BRIEF DESCRIPTION OF THE DRAWINGS

[0009] A further understanding of the various embodiments of the present invention may be realized by reference to the figures which are described in remaining portions of the specification. In the figures, like reference numerals are used throughout several to refer to similar components. In some instances, a sub-label consisting of a lower case letter is associated with a reference numeral to denote one of multiple similar components. When reference is made to a reference numeral without specification to an existing sub-label, it is intended to refer to all such multiple similar components.

[0010] FIG. 1 depicts a system for data exchange in accordance with one or more embodiments of the present invention;

[0011] FIG. 2 is a graphical representation of a data exchange system in accordance with various embodiments of the present invention;

[0012] FIG. 3 is a flow diagram showing a method for data exchange in accordance with one or more embodiments of the present invention;

[0013] FIG. 4 depict a graphical tool used for data exchange in accordance with a variety of embodiments of the present invention;

[0014] FIG. 5 depict another graphical tool used for data exchange in accordance with other embodiments of the present invention where common data elements are combined and used as a guide for assembling a target data structure.

DETAILED DESCRIPTION OF THE INVENTION

[0015] The present invention relates to systems and methods for data production and distribution, and in particular to systems and methods for gathering and maintaining data.

[0016] Various embodiments of the present invention provide systems and methods for data exchange. One exemplary method in accordance with embodiments of the present invention includes identifying at least one target data receptacle and at least two source data receptacles. As used herein, the term "data receptacle" is used in its broadest sense to mean any repository of data. Thus, for example, a data receptacle may be, but is not limited to, a database server or a hard disk drive that is formatted to accept information. In addition, the method involves providing a map that includes a relationship between a source element of one of the source data receptacles and a target element of the target data receptacle, and between a source element of another source data receptacle and another target element of the target data receptacle. In some cases, the methods further include designing the target data receptacle. Designing the target data receptacle includes providing a name for the target data elements. Designing the target data receptacle may further include providing a relationship between the target elements. In one particular instance of the embodiments, the target data receptacle is an XML file defined by an XML schema. Based on the disclosure provided herein, however, one of ordinary skill in the art will recognize other files and/or schema types to which embodiments of the present invention may be applied.
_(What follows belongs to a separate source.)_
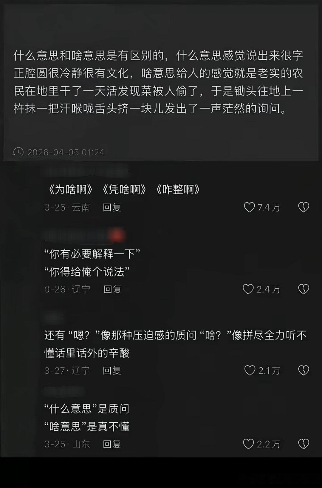 3584什么意思和啥意思是有区别的,什么意思感觉说出来很字正腔圆很冷静很有文化,啥意思给人的感觉就是老实的农民在地里干了一天活发现菜被人偷了,于是锄头往地上一杵抹一把汗喉咙舌头挤一块儿发出了一声茫然的询问。
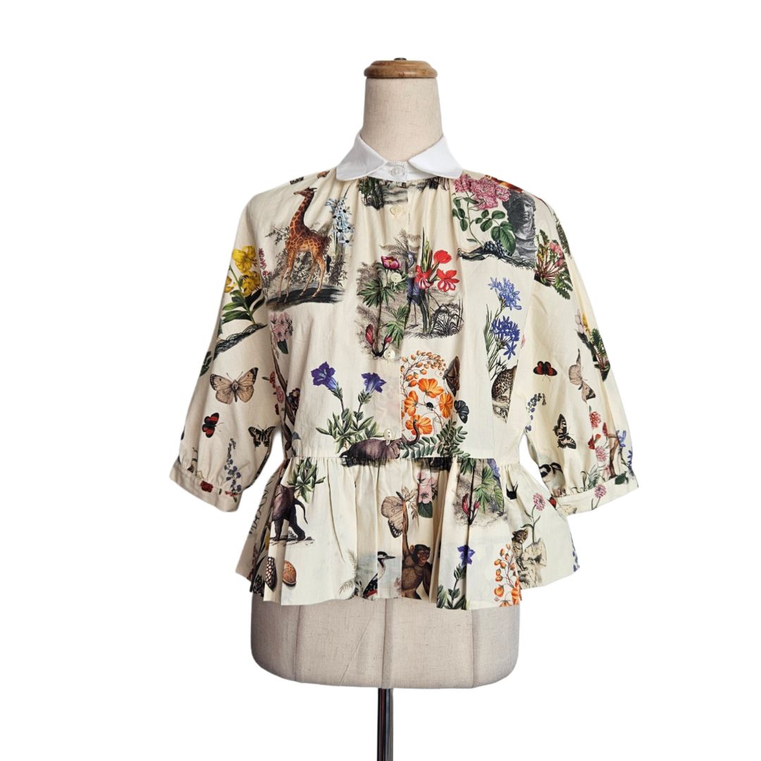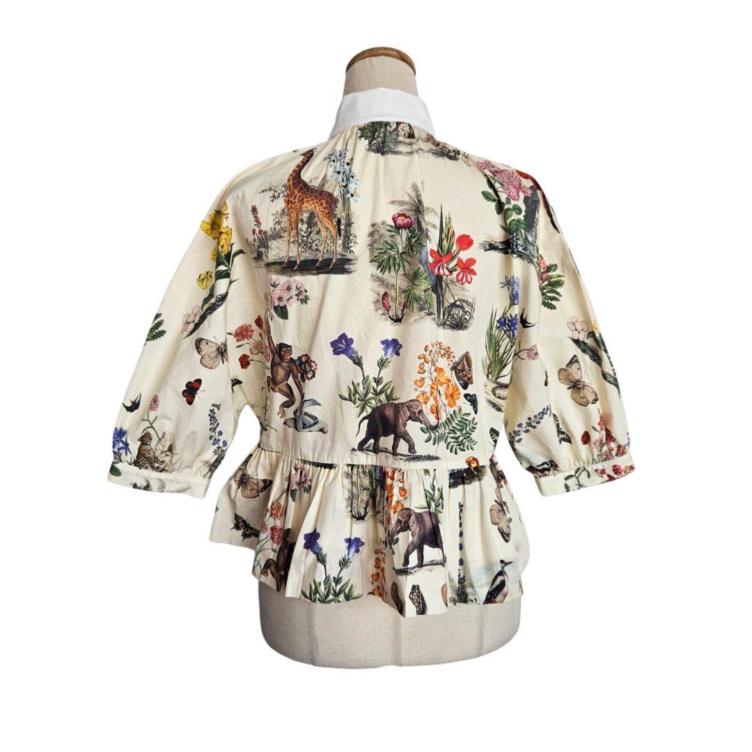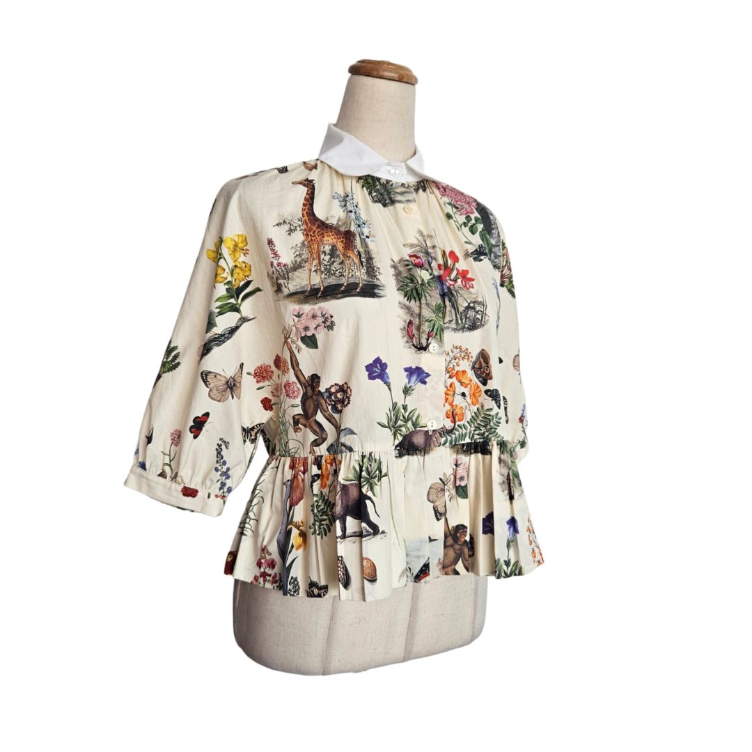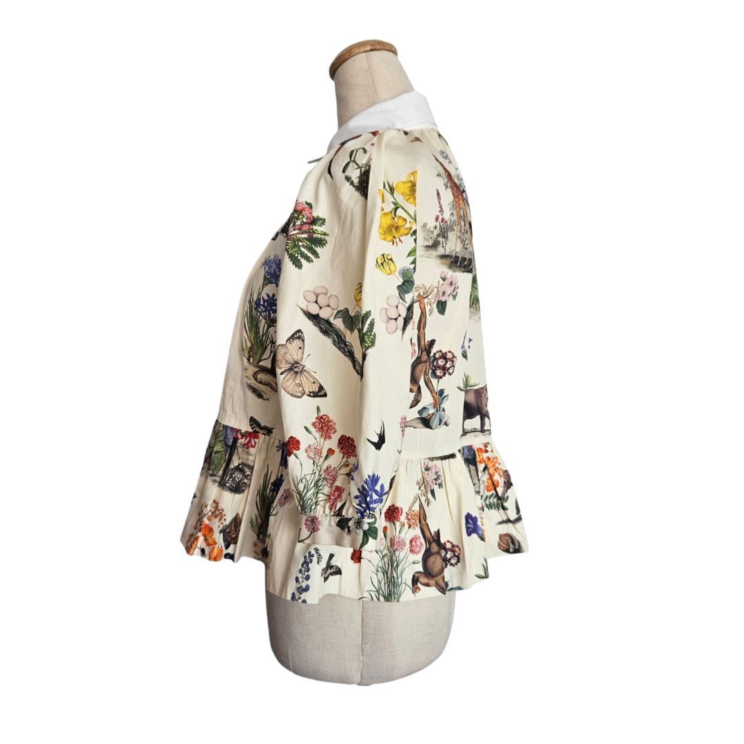 Vivetta Multicolor Floral & Animal Print Pleated Crop Shirt

[0017] Some embodiments of the present invention provide capability to view metadata of more than one data source, as well as a capability to map one or more data sources to one or more target stores. Thus, embodiments of the present invention may provide for mapping and/or merging multiple sources to multiple targets, multiple sources to one target, and/or one source to multiple targets. In these embodiments, a user can define relationships between fields of different data sources (e.g., a database column with a field in a delimited text file). After the relationships have been prepared, a user may be presented with a merged (hierarchical) view of source data, which the user can map to any of various target fields. Then, the merge may be completed in accordance with the aforementioned relationships. The merge may be done by merging information coming from multiple data sources in accordance with an association rule set up by the user and the mapping rules will then be applied to the merged data. Further, in some cases, a user may be able to specify if any field of a source metadata contains some data that shall be parsed using some other program. In such a case, the parsed metadata may be shown as part of original metadata hierarchy allowing a user to map data fields from original metadata as well as the parsed content metadata.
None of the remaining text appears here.